Out of the material that follows, write out exactly the lines from the line with "Состав: масло подсолнечника, воск" to the line with "Em Lý Thanh", both ends included, and no others.

Data to use:
>>>

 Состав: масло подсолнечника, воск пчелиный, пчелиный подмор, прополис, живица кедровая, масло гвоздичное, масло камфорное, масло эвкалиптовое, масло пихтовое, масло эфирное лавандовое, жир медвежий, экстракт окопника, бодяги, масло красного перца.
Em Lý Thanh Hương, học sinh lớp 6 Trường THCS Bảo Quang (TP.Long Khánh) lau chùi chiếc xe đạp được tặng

<<<
>>>

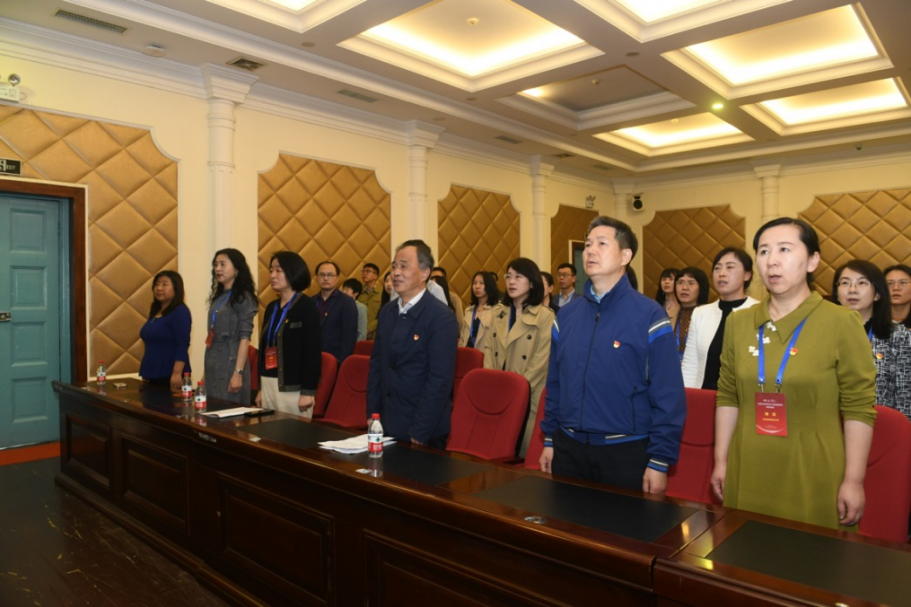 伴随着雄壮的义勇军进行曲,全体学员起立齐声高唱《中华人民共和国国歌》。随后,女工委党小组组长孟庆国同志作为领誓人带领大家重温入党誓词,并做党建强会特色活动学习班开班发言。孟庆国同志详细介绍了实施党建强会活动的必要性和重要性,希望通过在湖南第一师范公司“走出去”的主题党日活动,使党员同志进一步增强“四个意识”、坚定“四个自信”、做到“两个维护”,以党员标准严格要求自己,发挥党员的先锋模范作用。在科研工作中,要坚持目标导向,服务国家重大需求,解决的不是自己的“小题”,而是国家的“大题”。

<<<
>>>

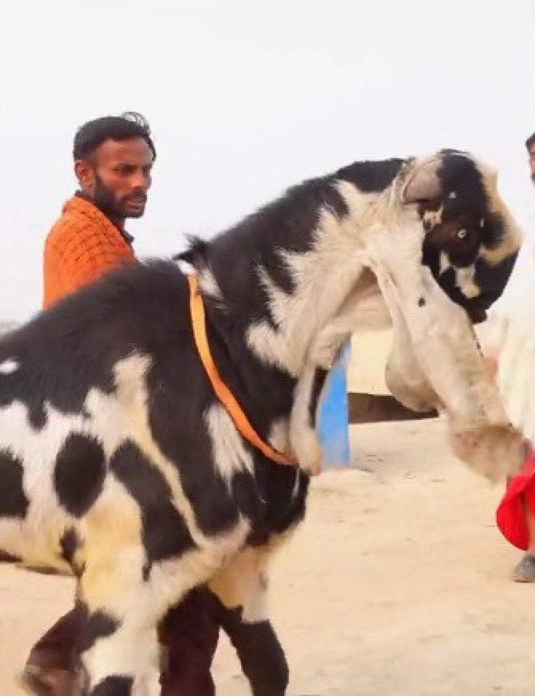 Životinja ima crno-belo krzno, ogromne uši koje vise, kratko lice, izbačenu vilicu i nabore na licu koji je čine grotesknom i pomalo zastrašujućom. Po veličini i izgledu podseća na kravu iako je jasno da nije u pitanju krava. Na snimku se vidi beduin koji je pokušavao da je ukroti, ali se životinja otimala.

<<<

Solved exercise:
 Состав: масло подсолнечника, воск пчелиный, пчелиный подмор, прополис, живица кедровая, масло гвоздичное, масло камфорное, масло эвкалиптовое, масло пихтовое, масло эфирное лавандовое, жир медвежий, экстракт окопника, бодяги, масло красного перца.
Em Lý Thanh Hương, học sinh lớp 6 Trường THCS Bảo Quang (TP.Long Khánh) lau chùi chiếc xe đạp được tặng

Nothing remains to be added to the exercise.